A Marketing Lesson on “American Inventor”

by Sridhar Ramanathan

inventor_edited.JPGHave you seen the latest show on ABC called “American Inventor”? It’s a fun show featuring inventors who pitch products. Most ideas are crazy but some are very cool. I really enjoyed the 14 year old kid who invented a portable air conditioner that hooks onto your car window and cools the car down so your dog won’t suffer heat exhaustion (or worse) while you’re shopping. The judges were taken by the boy’s passion but shot down his idea saying it was not compelling enough. Their issue came down to market size. The boy showed a flip chart with calculations based on the total number of dogs in the US. His mistake was that it was a “top down” projection rather than “bottoms up”. Even experienced entrepreneurs in Silicon Valley make the mistake of top down forecasts.

Here’s a paraphrasing of his calculation:

100M US households x 2/3 have dogs x $20/unit = $1.3B market for pet air conditioners

We should give the kid a break and congratulate him for his ingenuity and vision. What can we learn from his mistake? Venture capitalists always prefer a projection based on actual or pending sales. So here’s how the 14-year old might have pitched the American Inventor panel if he were my next door neighbor in Livermore:

  • $500 of orders in the backlog from 25 families out of 100 families in my immediate neighborhood that I personally pitched door to door last month
  • $320/month of potential orders based on 4 pet shops in Livermore each of which told me they could sell 1 unit per week
  • $1.9M annual revenue assuming that Livermore, a town of 75,000, is representative of 500 towns in the US with warm weather climates

So if the kid had asked the panelists, would you invest a $100K in a venture returning $1.9M gross and $380K net (20% margin) year one, he might have gotten the order.

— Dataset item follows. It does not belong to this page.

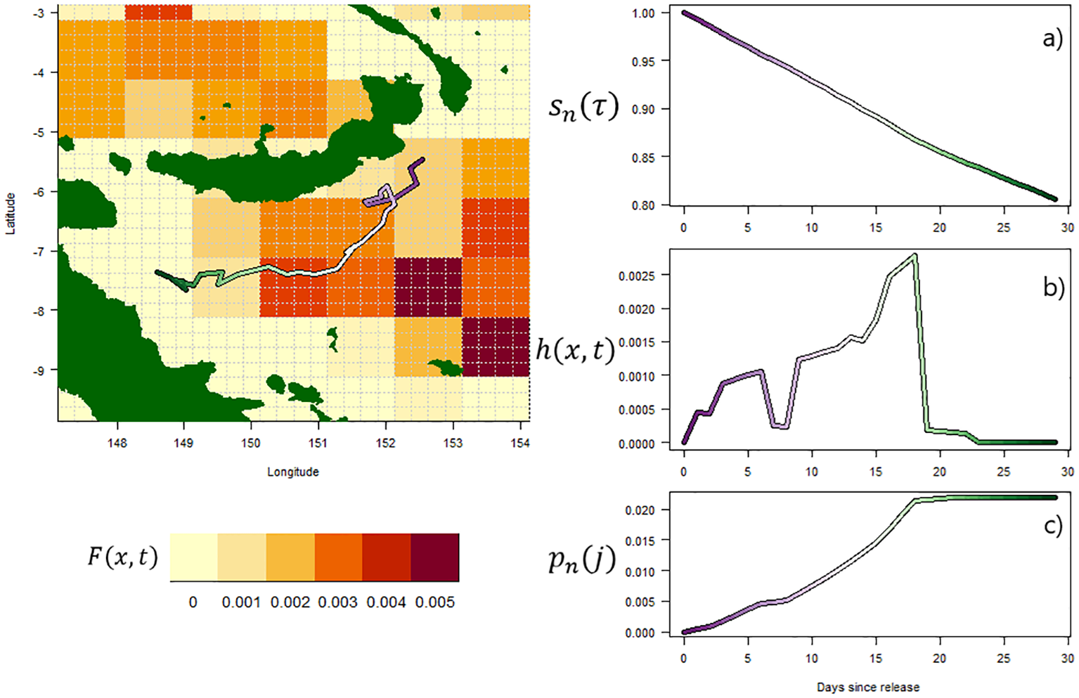 In our model, where individuals are recovered dead, this probability of recapture at an individual level will necessarily asymptote with increasing individual time-at-liberty τ, as additional exposure of an individual to recovery effort will result in decreasing chance of recapture due to the preceding natural mortality, and fishing mortality associated with past effort. An individual movement trajectory from Ikamoana is given in Figure 1, demonstrating how movement through a heterogeneous field of fishing mortality influences survival and recapture probability over time. Using this individual-level and probabilistic approach to generate a recapture probabilities through time, it is then straightforward to generate simulated recapture data over a given time window.

The lesson here for Marketers is that nothing sells like sales. If you’re helping your CEO pitch venture capitalists, help by closing a few deals and channel partnerships that provide hard evidence for a much larger market opportunity. Guy Kawasaki has more smart tips for budding entrepreneurs at “The Top Ten Lies of Entrepreneurs”

Posted March 20, 2006 |
Posted to Marketing Management

Comments

Hi Sridhar,

Sounds like a show to catch sometime! What a great, accessible explanation of the difference between top-down and bottom's up forecasting.

By the way, I love the doggie air conditioner idea. Living here in Sactotomato it gets so hot in the summer, if I had a dog I would probably want one of these.